Wednesday, April 21, 2004

Revealing the deeper talent set

Most large corporations are proud of their "human resource" or "human capital" management abilities, yet I have so often found that very little is known about the qualities, experiences, interests, and talents that exist within those resources. People are hired to do a particular job, only the relevant qualifications become memorialized somewhere in a HR database, and that becomes who they are, the only face the company sees.

Back in the 1980's there were movements to create more transparent, multidimensional databases of personnel, particularly among multinationals who were always moving people from one country to another. But even those systems logged only the dimensions that the company thought relevant.

Tip of the iceberg is a good way to look at it -- what we see of each employee is only the bit that we care to shine a light on. Yet the talent pool in every company is probably a hundred times more valuable than the surface value of those assets. We seem to skim the surface, looking only at the familiar or the apparently relevant. This lapse is systemic, and it is personal. How many employees feel that their immediate manager undervalues them, dismisses their not- immediately-applicable qualities and experiences, and looks only at their immediate field of expertise? How many of us can remember all the stuff that our direct reports put on their resumes back when we hired them? And anyone applying for a job has only a couple of pages in which to describe their qualifications, so usually leaves out the rest of the iceberg anyway.

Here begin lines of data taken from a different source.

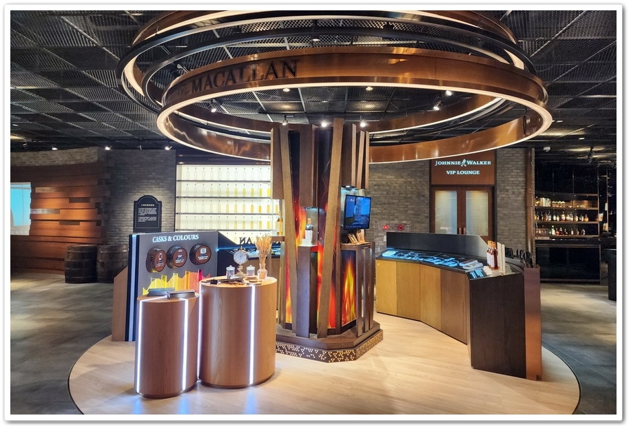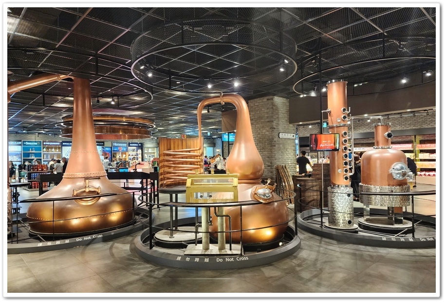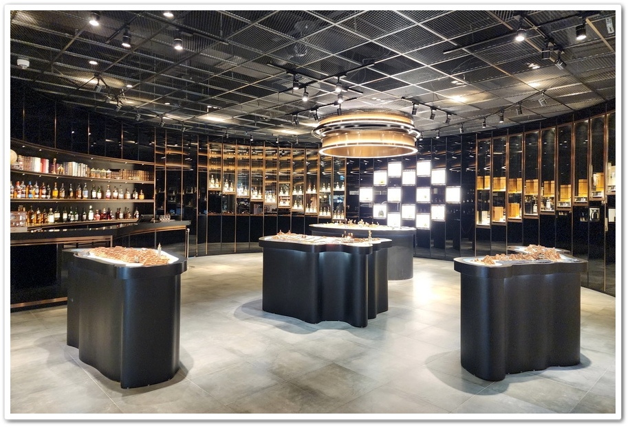 『Whiskey 101體驗館』打造超過3米5高的蒸餾器及各項威士忌製程所使用的器具,體驗威士忌如何從一顆大麥的麥芽,經過發芽、磨碎、發酵、蒸餾、陳年淬煉出珍貴的生命之水。整個bling bling玫瑰金的儲酒槽,非常壯觀,很有視覺感,可以在此拍照唷!
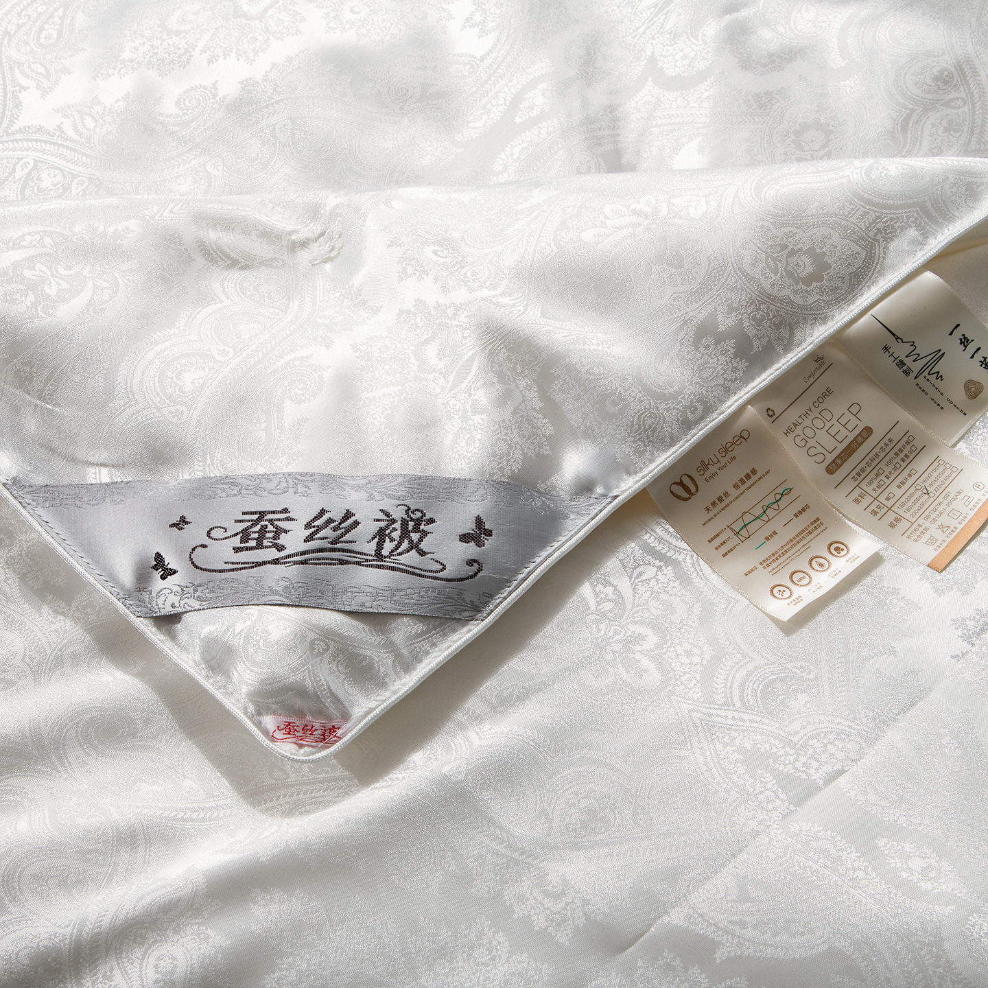 鑫田家纺 2026新款大提花100%蚕丝被柞蚕丝夏凉被春秋被冬被子母被礼品被夏被桑蚕丝被 皇冠-白色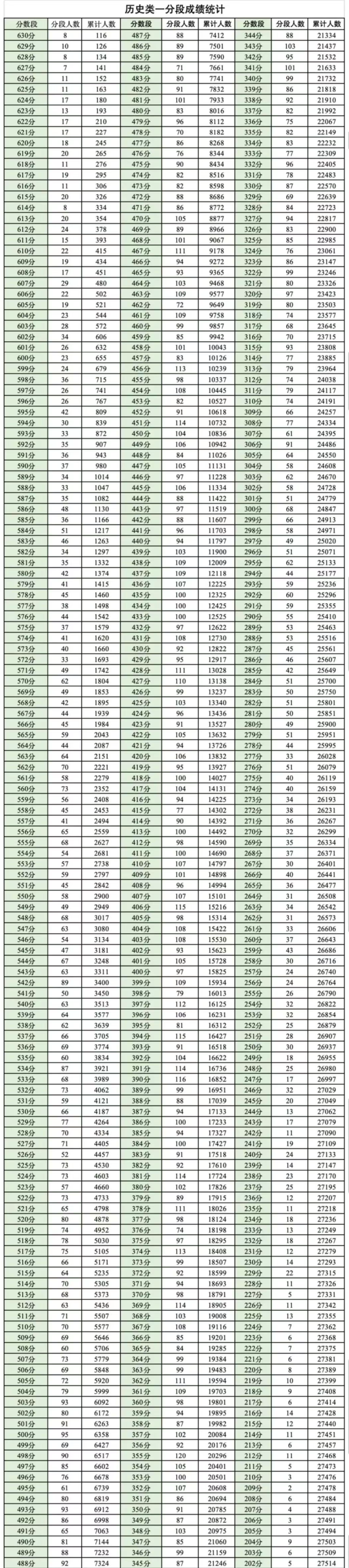 历史类:630分及以上累计人数116人、600分及以上累计人数655分、550分及以上累计人数2900人。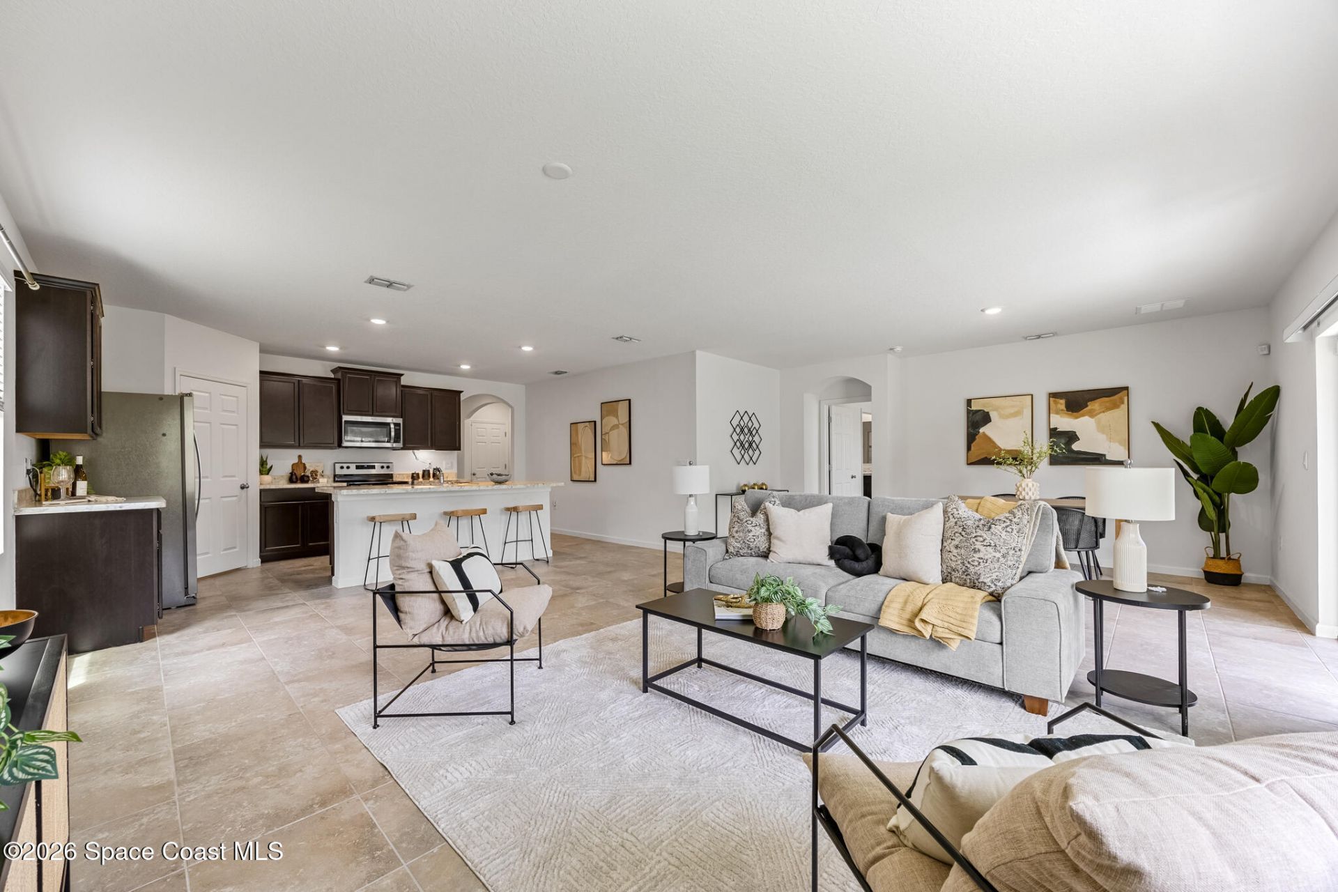 Move-in ready in desirable NW Palm Bay, on city water & sewer with underground utilities. Popular floor plan offering 4 bedrooms, 2 baths, and 1,918 sq ft of functional living space. Built in 2021, this concrete block (with stucco) home features a split floor plan, 9 ceilings, and tile throughout main areas with carpeted bedrooms. The open concept kitchen includes stainless steel Whirlpool appliances and flows seamlessly into the main living and dining areas. Situated on a quiet, (slow traffic) neighborhood street, this property stands out with added privacy and no direct rear neighbors, (backing to larger parcels for a more private feel) and NO house across the street (wooded lot). Conveniently located near top-rated schools, shopping, dining, and major roadways, this home offers the perfect balance of accessibility and peaceful living. Ideal for first-time buyers or those looking to avoid new construction delays while still enjoying a newer home.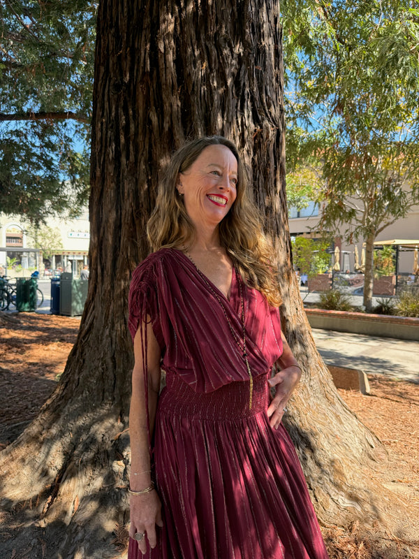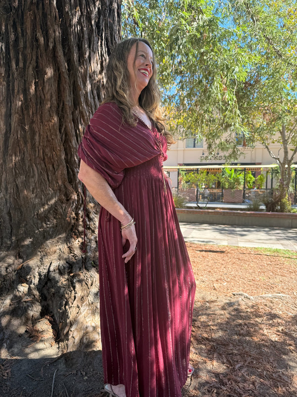 Elevate your style with the Tamia Long Lurex Dress in a rich wine color accented by subtle gold stripes. Featuring a smocked waist and yoke, this dress offers a flattering, blouse-like fit at the top with a deep V-neckline that adds a touch of allure. The cinched sleeves provide a customizable fit, while the flowy bottom creates graceful movement. Perfect for occasions when you want to feel confident and effortlessly elegant.

We will pay a couple of hundred dollars for a royalty-free stock photo, or we'll lay out a couple of thousand to commission a photographer to shoot something specific for us. But how many gifted photographers are there already on the payroll? How many musicians, artists, writers, linguists, web-designers, technicians, videographers are hiding within the mild-mannered accountants and call-center staff? And if we are looking for management or marketing or leadership, how many experienced and passionate community leaders, volunteers, mentors, lobbyists, activists, organizers, are secretly leading double lives as programmers or line workers?

Seems to me that, without invading anyone's privacy, some of the emergent social networking tools might help a company find out what kind of resources it REALLY has at its disposal.